YOUR GOAL |
Word for word, repeat the lines of the records from the one containing "wieder im September." through the last line, both included.

---

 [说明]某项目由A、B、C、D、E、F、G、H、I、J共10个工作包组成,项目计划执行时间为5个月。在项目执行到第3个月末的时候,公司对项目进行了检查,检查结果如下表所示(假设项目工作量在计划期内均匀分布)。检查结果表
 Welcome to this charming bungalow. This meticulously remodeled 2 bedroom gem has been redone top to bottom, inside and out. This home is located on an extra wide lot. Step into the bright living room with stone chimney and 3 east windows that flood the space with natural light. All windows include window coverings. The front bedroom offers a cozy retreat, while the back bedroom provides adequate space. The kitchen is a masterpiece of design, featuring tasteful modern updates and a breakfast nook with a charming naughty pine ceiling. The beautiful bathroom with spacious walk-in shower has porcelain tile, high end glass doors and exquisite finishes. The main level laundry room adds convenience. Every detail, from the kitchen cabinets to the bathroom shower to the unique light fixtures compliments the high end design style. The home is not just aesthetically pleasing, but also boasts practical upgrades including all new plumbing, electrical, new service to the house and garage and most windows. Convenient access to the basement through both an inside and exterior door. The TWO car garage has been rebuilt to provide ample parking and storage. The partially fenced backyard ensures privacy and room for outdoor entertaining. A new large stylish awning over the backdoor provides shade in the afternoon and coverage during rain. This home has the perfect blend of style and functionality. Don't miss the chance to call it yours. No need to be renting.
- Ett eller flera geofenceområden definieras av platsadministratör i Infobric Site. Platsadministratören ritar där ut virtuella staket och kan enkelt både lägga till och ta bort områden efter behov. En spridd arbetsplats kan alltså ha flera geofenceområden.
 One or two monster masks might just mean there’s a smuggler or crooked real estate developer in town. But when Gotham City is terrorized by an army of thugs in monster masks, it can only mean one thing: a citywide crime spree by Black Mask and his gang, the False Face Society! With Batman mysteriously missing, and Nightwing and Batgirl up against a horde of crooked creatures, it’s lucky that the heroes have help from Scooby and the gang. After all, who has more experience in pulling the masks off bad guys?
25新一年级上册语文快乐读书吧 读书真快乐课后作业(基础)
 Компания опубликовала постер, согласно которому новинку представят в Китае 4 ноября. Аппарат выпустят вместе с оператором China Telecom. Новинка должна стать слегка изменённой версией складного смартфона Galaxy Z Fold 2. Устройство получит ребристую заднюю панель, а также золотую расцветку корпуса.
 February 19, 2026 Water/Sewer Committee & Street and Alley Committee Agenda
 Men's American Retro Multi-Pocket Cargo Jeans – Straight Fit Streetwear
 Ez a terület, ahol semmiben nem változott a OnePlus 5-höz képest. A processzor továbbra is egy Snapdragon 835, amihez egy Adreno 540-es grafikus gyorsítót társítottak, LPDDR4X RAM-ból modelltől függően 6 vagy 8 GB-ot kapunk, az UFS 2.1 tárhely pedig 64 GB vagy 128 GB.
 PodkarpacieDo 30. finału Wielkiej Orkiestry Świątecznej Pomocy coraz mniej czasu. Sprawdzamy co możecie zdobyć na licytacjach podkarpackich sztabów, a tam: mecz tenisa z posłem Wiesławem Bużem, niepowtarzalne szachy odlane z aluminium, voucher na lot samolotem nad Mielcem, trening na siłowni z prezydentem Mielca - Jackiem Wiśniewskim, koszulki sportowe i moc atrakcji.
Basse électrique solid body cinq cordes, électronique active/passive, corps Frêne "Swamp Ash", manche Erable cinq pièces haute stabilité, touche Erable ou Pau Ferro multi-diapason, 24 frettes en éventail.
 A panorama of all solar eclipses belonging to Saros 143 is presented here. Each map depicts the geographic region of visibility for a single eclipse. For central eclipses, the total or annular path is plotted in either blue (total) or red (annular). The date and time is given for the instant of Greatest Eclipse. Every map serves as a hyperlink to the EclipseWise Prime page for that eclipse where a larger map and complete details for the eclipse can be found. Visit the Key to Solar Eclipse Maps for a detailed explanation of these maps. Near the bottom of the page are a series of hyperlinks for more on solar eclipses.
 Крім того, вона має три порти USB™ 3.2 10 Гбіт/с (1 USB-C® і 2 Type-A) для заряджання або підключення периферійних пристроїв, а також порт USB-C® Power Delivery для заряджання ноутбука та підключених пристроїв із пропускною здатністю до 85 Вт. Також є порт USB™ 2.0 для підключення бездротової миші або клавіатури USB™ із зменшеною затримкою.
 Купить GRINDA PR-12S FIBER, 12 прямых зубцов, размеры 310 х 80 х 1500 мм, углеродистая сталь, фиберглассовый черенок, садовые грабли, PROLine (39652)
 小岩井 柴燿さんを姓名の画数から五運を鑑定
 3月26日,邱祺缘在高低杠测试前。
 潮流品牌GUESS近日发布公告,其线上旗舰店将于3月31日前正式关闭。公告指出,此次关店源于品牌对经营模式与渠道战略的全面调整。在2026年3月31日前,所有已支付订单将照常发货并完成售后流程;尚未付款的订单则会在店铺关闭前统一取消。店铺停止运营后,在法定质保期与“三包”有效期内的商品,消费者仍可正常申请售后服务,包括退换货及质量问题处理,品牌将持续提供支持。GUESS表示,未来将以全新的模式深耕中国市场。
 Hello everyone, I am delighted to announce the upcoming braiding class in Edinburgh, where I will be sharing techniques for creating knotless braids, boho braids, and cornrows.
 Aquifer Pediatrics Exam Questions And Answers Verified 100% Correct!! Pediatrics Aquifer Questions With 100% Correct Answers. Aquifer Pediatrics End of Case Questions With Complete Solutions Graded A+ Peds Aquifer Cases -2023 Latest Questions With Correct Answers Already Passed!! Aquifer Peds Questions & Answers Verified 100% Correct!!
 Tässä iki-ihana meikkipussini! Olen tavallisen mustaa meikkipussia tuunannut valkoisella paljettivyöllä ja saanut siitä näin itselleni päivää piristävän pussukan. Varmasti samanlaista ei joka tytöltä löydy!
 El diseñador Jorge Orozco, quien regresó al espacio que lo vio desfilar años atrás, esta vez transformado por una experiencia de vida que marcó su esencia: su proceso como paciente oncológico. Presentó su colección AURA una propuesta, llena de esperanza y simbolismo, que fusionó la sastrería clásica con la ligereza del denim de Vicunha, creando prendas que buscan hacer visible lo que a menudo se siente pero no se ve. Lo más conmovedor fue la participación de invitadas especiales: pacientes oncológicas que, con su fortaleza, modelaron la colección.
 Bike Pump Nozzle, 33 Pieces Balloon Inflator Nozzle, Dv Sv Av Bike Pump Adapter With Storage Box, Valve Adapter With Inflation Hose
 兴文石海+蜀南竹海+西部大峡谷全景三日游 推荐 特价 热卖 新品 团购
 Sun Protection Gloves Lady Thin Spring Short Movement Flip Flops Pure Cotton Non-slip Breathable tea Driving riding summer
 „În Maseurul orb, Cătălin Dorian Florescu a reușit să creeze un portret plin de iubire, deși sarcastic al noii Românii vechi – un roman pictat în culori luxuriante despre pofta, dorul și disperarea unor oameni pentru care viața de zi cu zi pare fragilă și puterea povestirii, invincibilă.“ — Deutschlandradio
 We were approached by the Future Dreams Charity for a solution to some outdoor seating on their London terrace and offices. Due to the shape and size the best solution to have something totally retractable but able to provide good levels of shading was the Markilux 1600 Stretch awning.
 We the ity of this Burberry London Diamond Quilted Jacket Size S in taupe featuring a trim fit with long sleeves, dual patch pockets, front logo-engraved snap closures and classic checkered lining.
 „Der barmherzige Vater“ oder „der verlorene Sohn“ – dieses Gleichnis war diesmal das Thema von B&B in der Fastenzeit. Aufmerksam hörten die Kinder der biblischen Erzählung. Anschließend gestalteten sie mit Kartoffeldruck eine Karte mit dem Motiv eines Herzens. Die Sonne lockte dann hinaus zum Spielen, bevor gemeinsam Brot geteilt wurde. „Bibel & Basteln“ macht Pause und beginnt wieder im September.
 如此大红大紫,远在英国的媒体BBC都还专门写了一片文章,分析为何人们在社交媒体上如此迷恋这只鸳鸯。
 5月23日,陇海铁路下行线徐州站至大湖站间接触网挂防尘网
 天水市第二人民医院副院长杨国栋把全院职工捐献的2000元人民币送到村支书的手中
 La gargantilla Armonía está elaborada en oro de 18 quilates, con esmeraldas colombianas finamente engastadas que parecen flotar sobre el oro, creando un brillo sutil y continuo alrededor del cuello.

---

TASK RESPONSE |
 „Der barmherzige Vater“ oder „der verlorene Sohn“ – dieses Gleichnis war diesmal das Thema von B&B in der Fastenzeit. Aufmerksam hörten die Kinder der biblischen Erzählung. Anschließend gestalteten sie mit Kartoffeldruck eine Karte mit dem Motiv eines Herzens. Die Sonne lockte dann hinaus zum Spielen, bevor gemeinsam Brot geteilt wurde. „Bibel & Basteln“ macht Pause und beginnt wieder im September.
 如此大红大紫,远在英国的媒体BBC都还专门写了一片文章,分析为何人们在社交媒体上如此迷恋这只鸳鸯。
 5月23日,陇海铁路下行线徐州站至大湖站间接触网挂防尘网
 天水市第二人民医院副院长杨国栋把全院职工捐献的2000元人民币送到村支书的手中
 La gargantilla Armonía está elaborada en oro de 18 quilates, con esmeraldas colombianas finamente engastadas que parecen flotar sobre el oro, creando un brillo sutil y continuo alrededor del cuello.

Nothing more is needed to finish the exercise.